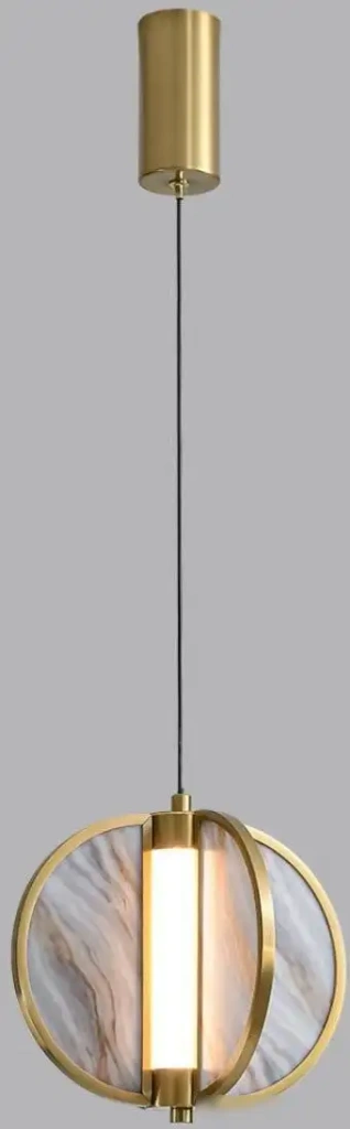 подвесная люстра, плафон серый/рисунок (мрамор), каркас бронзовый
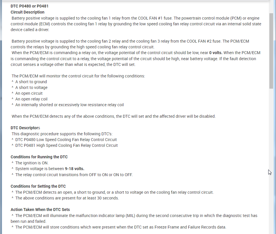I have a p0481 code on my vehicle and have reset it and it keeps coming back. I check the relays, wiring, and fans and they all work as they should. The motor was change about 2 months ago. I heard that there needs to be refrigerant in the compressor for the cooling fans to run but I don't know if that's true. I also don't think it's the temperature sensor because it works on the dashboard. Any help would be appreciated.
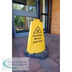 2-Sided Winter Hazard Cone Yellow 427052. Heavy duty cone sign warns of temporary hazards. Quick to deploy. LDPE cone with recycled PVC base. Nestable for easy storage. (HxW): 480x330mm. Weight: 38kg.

- **Brief**:
Only the pictures may be dropped when you copy the data above; everything else stays exact.

- **Finished task**:
 подвесная люстра, плафон серый/рисунок (мрамор), каркас бронзовый
I have a p0481 code on my vehicle and have reset it and it keeps coming back. I check the relays, wiring, and fans and they all work as they should. The motor was change about 2 months ago. I heard that there needs to be refrigerant in the compressor for the cooling fans to run but I don't know if that's true. I also don't think it's the temperature sensor because it works on the dashboard. Any help would be appreciated.
 2-Sided Winter Hazard Cone Yellow 427052. Heavy duty cone sign warns of temporary hazards. Quick to deploy. LDPE cone with recycled PVC base. Nestable for easy storage. (HxW): 480x330mm. Weight: 38kg.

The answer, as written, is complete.